Within that population, an average of 22 people per day (I can't determine who first published this) were veterans, even though the actual math shows an average of seven suicides by "veterans" per day in those twenty-one states.  Moreover, among those classified as veterans, the greatest concentration of suicides was among white men who were more than fifty years old (69% of veteran suicides) - and the percentage of adult males who fall into the veteran category increases with age. Among them, there was no attempt to determine what other problems might have led to the suicide (mid-life crises?  illness?  marital issues?  loss of loved ones?  unemployment?  mental illness?), what the length of service was, whether there was combat duty, etc.

Few of these people (four men commit suicide for every woman, probably because men attempt it with guns instead of pills) served in combat, because that demographic only marginally overlaps with the U.S. invasions and occupations of Afghanistan and Iraq beginning in 2001 and 2003 respectively; and there was very limited ground combat prior to that for more than a decade.

States themselves have widely variable suicide statistics, with Connecticut at a mere 5.3 per 100,000 and 38.2 in Alaska. White people kill themselves more than any other "racial" demographic in the US. About nine out of every ten US suicides are white folk.

The veteran status of more than 23% of the statistics reported in the twenty-one states was unknown, but among those whose death certificates were available, about 18% had some form of military service on record - again, the blooded infantryman with four tours to Ramadi was counted exactly the same as a tuba player with the Illinois National Guard who never left Springfield.  And in the US, 24% of men and 2% of women are veterans.  18% of suicides are veterans.  24+% of the adult population are vets.  The idea that veterans, per se, are more at risk from suicide than the rest of us is, to say the least, highly questionable.

One statistic that does seem to suggest a strong correlation between military service and suicide is gender.  Women who successfully attempt suicide account for 3% of deaths in the US, whereas among female veterans, that number jumps to 26%. Whether that is related to the experience of being female in a hostile gender environment or familiarity with firearms or some other cause was not something about which I could find data.  One thing I can say with some certainty is that - with men committing suicide at almost four times the rate of women - the US military is more than 85% male (that number was even higher in earlier years).  This alone could account for the app. 50% higher rate of suicide among "veterans" than among the rest of the population.

An interesting (though still not illuminating) statistical comparison.  Suicide rates among veterans exceed the general rate among married and divorced people, but among single people non-veterans are almost three times as likely to kill themselves.

If you think military experience puts you at risk, don't go to med school. Doctors are far and away the most common group - by job - to do themselves in.  Followed by dentists, financial workers, lawyers, cops, real estate agents, electricians, farm workers, pharmacists, and research scientists.  What the common denominator is there I have not a clue.

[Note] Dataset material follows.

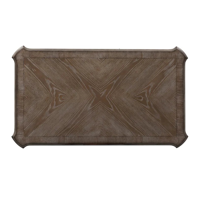 The perfect blend of European design with the Magnolia Manor. Crafted of poplar solids with white oak and birch veneers, this piece features a weathered brown top with whitewash, one fully stained interior drawer full extension drawer in each table, fancy face top, wood framed drawer fronts, bead molding, canted corners, faceted turned legs, cocktail offers casters that make rearranging effortless, antique pewter knob hardware and a bottom shelf for additional storage. Warm finishes and artistic distressing along with grand scale create a piece to be passed to generations. Kit consists of one cocktail table and two end tables.

But military folks don't even qualify for the top ten.  White women doctors do the deed far more often that other white women. Black male cops do it far more often than other black men.  We can speculate about any of these, but this doesn't support the veteran-as-victim narrative.

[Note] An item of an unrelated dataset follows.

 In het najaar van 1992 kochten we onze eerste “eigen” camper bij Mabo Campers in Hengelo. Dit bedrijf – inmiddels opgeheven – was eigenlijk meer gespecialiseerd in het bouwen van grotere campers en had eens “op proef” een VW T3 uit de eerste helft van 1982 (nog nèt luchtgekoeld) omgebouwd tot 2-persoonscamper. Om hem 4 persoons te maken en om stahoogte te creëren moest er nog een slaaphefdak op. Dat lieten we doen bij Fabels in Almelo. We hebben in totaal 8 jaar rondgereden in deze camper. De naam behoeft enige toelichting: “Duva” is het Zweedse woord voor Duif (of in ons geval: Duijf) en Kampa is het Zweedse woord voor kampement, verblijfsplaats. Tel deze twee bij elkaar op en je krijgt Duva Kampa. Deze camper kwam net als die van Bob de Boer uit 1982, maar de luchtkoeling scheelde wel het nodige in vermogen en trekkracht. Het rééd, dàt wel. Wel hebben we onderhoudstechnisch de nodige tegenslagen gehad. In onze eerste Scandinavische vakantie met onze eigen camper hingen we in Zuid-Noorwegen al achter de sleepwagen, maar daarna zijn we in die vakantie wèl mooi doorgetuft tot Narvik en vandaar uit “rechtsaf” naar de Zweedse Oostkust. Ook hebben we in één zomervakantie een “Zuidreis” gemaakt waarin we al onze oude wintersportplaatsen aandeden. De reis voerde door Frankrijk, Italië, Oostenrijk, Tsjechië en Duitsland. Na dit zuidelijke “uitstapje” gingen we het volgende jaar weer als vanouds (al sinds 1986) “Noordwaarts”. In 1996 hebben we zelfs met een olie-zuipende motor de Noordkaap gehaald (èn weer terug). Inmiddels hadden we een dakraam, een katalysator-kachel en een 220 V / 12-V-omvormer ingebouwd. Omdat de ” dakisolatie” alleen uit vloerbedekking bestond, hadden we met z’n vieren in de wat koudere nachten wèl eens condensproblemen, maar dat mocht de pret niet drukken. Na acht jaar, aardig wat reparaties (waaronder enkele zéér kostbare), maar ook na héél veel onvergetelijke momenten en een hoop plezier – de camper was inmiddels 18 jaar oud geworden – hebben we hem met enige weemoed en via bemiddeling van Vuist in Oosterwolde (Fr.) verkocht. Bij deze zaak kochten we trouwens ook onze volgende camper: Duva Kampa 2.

Calling this "an epidemic" is certainly overstating it.

Combat does not make military personnel either heroes or victims.  This is cheapened language, polemical language, self-congratulatory or self-pitying language; and it is the language of a militaristic society that idolizes military "service."

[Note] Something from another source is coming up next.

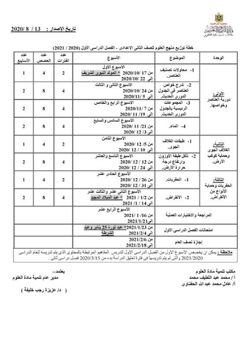الثاني الإعدادي، توزيعة منهج مادة العلوم الترم الأول 2020، حيث أصدر مكتب
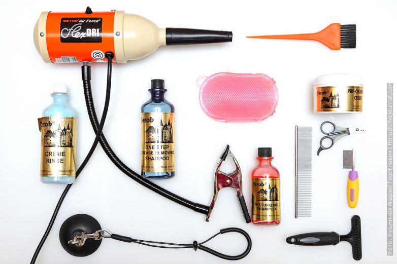 21. Шаг 15. Фиксируем животное в том месте, где будем его расчесывать и сушить. Расчесываем шерсть. Расческу и фен ведем одновременно в одном направлении.

Almost 40% of US troops never deploy to a combat zone.  Not one out of ten who actually deploys ever fires a weapon during an actual "enemy contact."

85% of veteran suicides never went into a hostile fire zone.

Make of this what you will.  To me - and I am not dismissing veterans, people with PTSD, or rthe terrible toll of suicide - this is another narrative in support of our civil religion and our worship of the military.